The majority of Kenyans are in the lower income group, literally living from hand-to-mouth. These folk have very low purchasing power for any kind of services. In matters of health, they are solely dependent on overstretched public services.

They have very limited choices if they ever wished to access better care elsewhere. Little wonder then that our grim healthcare statistics are disproportionately represented by the poor.

It is obvious that the inequality of healthcare access to all Kenyans is unfair. We cannot stand by and wait till the year 2030 when the vision for equitable and affordable healthcare will apparently be realized. Granted, there are many ongoing initiatives both from the government, the private sector and other stakeholders aimed at improving health for all Kenyans. Such efforts are to be commended, but translating visions and missions into reality can sometimes be a pipedream.

If in the lower socio-economic group, there’s plenty you can do yourself to improve your health instantly. Waiting for projected visions to be achieved at some point in the future may never turn out to be good for you, you may be already dead. Start by taking stock of your current health, and take steps to improve what is under your control.Avoid unhelpful social barriers to health-seeking behavior. Some arguments are just ridiculous. Big Sam is not too interested in distributing vaccines disguised as unwanted contraceptives. You must take advantage of preventive public health initiatives that include immunizations, free mosquito nets, free maternity services etc.

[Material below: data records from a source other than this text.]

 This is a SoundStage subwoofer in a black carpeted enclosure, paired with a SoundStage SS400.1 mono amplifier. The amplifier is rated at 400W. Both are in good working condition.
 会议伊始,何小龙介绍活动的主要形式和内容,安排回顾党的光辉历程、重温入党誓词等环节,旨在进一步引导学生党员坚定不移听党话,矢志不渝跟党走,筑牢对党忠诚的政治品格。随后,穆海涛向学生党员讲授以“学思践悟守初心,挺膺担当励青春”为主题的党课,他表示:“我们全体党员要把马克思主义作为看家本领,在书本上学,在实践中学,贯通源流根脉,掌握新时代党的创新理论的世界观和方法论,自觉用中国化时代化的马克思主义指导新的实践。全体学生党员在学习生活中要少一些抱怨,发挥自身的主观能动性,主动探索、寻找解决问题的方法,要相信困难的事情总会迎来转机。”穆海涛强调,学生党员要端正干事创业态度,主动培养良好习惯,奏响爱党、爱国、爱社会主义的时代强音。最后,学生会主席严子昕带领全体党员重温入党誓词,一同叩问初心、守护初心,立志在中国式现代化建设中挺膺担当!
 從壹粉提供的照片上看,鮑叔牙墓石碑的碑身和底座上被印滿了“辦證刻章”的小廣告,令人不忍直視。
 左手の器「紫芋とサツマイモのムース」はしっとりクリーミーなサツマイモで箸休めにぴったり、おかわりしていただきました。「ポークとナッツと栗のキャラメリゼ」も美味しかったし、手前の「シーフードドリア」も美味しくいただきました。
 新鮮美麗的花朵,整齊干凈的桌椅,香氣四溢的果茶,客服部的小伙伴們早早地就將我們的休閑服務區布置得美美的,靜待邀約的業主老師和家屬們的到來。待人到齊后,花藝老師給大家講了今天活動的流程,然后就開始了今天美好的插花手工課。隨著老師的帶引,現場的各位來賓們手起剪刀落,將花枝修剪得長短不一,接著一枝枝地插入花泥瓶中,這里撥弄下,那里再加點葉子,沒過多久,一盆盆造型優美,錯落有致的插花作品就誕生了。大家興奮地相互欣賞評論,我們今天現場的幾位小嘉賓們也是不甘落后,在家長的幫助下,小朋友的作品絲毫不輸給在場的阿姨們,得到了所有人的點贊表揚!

There are ways to deal with the inevitable out of pocket costs associated with healthcare. Take full advantage of the NHIF program, this will add up to defray part of your cost and enable access to better quality facilities. Look out for low cost health insurance being fronted by profitable companies as part of their corporate social responsibility. Some insurance schemes meant for the lower end of the market cost a few shillings a day, and can enable you to access a multitude of healthcare facilities.

Equally, there are so many low cost or subsidized health facilities out there offering unrivalled quality of care. Such facilities may be faith-based or funded by philanthropists, seek them out. There are also ways of accessing some seemingly unaffordable health facilities, which usually reserve some funds to help out the needy. You may be required to tick off some boxes before being deemed worthy of support, but you’ll only know if you ask. Many clinicians also sometimes offer free services for deserving patients, you only need to ask.

We must continue to advocate for increased health investments by both central and county governments. Accountability for health must include the poor. Health infrastructure, staffing, supplies and equipment are all too wanting in public facilities. The resources we have can do a better job, if only managed appropriately.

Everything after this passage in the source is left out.